Print the lines below from the line with "Reloj de mujer" to the line with "Beispiel für eine" exactly, keeping both ends, and print no pictures.

> **Information given**:
• • • • • • •

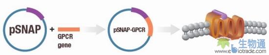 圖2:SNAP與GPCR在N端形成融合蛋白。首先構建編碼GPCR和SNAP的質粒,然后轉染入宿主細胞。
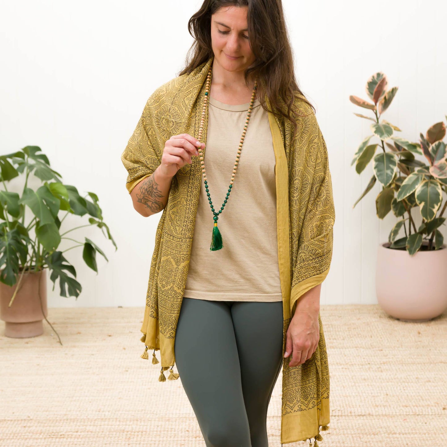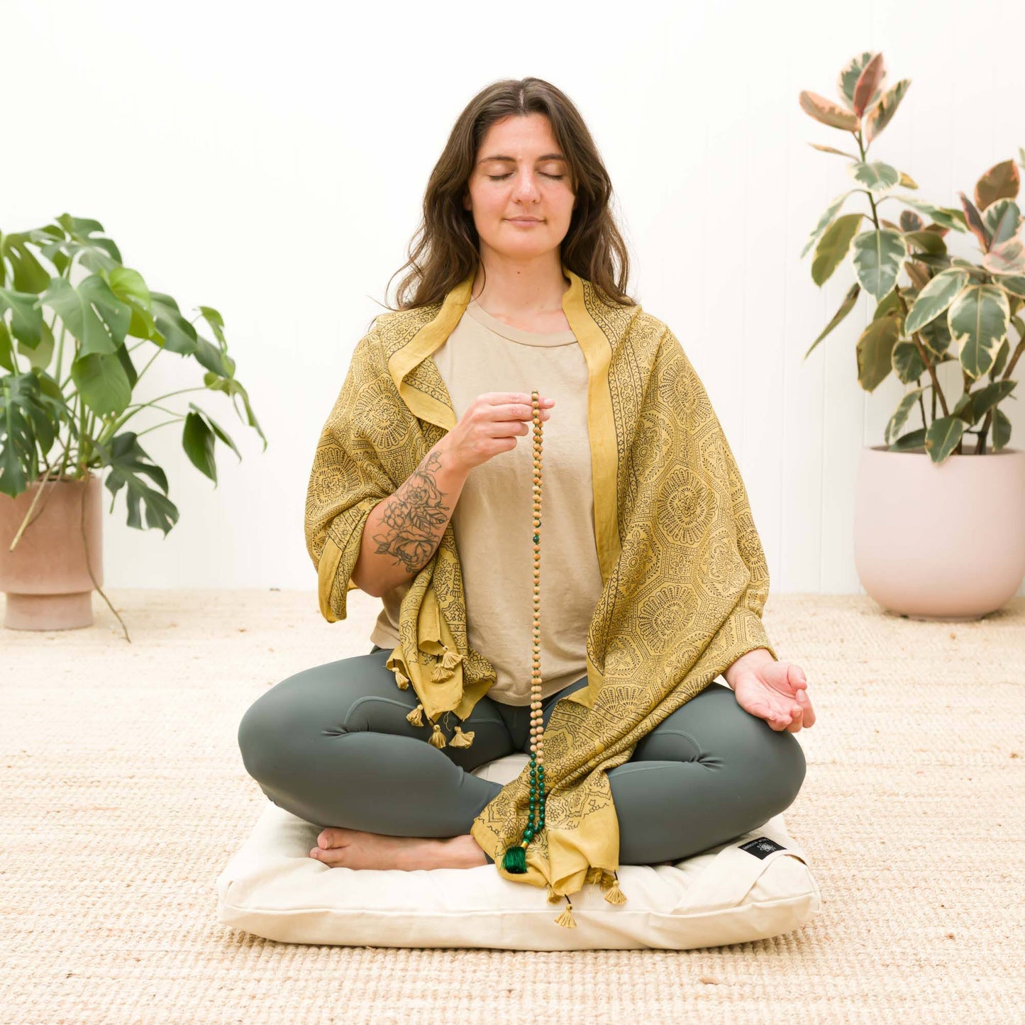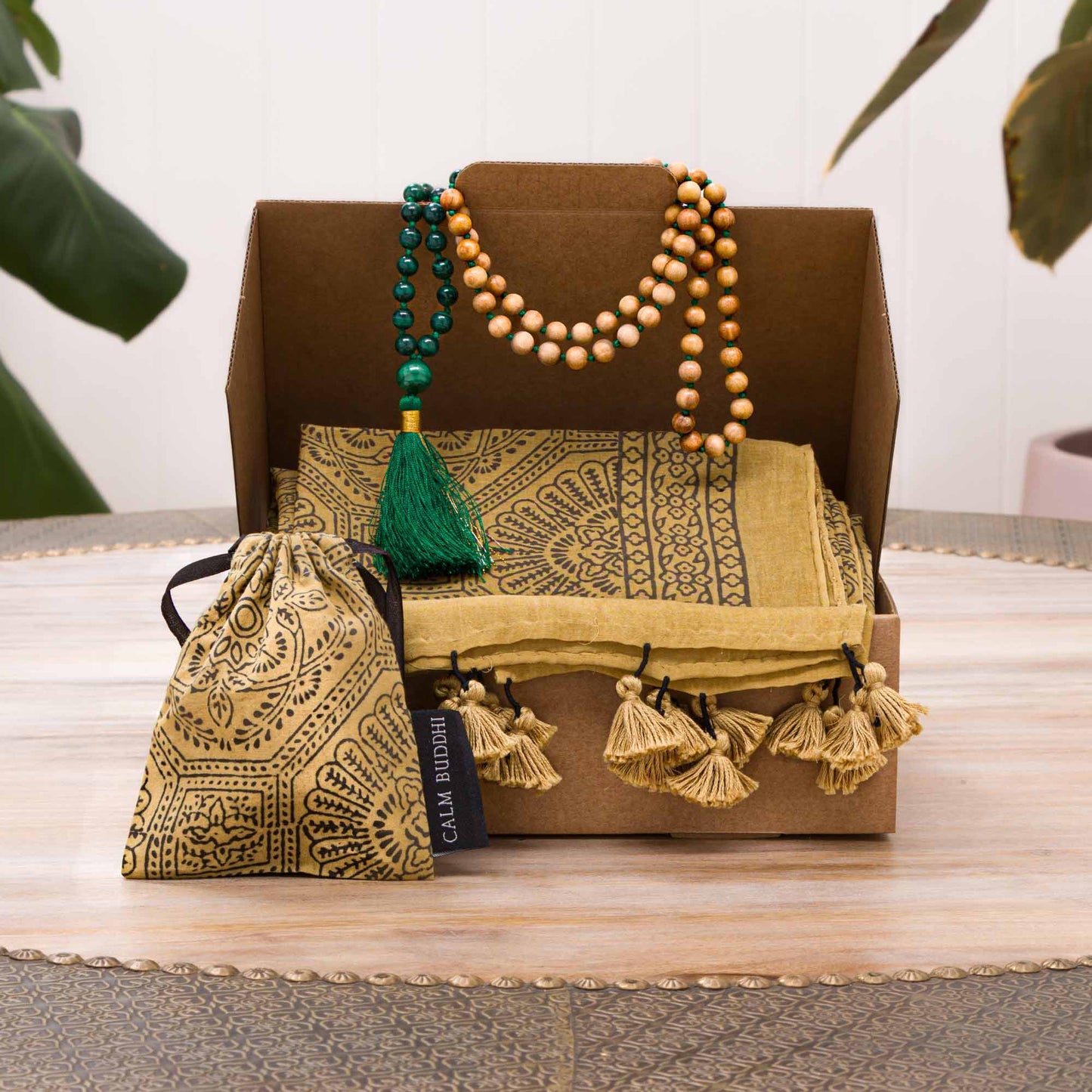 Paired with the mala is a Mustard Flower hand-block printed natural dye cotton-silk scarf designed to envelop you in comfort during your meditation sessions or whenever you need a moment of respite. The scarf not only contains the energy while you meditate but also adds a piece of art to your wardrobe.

• • • • • • •

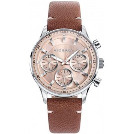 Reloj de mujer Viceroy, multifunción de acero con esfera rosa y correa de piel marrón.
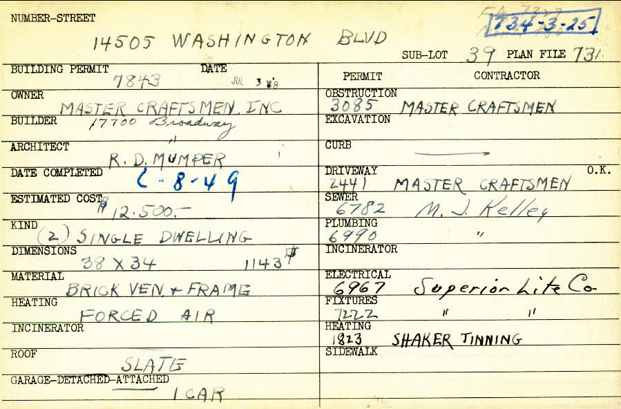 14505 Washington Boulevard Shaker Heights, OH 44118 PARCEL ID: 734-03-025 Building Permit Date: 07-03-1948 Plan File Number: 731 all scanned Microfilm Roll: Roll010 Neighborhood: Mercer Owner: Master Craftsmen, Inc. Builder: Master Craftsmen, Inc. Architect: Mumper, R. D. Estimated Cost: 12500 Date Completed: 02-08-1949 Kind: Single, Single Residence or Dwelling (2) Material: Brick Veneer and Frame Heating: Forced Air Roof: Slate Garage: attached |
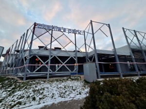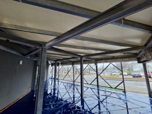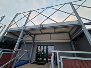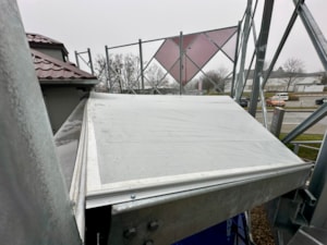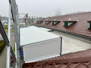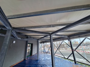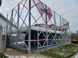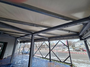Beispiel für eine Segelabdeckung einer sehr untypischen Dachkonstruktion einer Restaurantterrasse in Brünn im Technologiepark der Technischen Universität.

• • • • • • •

> **Answer space**:
 Reloj de mujer Viceroy, multifunción de acero con esfera rosa y correa de piel marrón.
 14505 Washington Boulevard Shaker Heights, OH 44118 PARCEL ID: 734-03-025 Building Permit Date: 07-03-1948 Plan File Number: 731 all scanned Microfilm Roll: Roll010 Neighborhood: Mercer Owner: Master Craftsmen, Inc. Builder: Master Craftsmen, Inc. Architect: Mumper, R. D. Estimated Cost: 12500 Date Completed: 02-08-1949 Kind: Single, Single Residence or Dwelling (2) Material: Brick Veneer and Frame Heating: Forced Air Roof: Slate Garage: attached |
Beispiel für eine Segelabdeckung einer sehr untypischen Dachkonstruktion einer Restaurantterrasse in Brünn im Technologiepark der Technischen Universität.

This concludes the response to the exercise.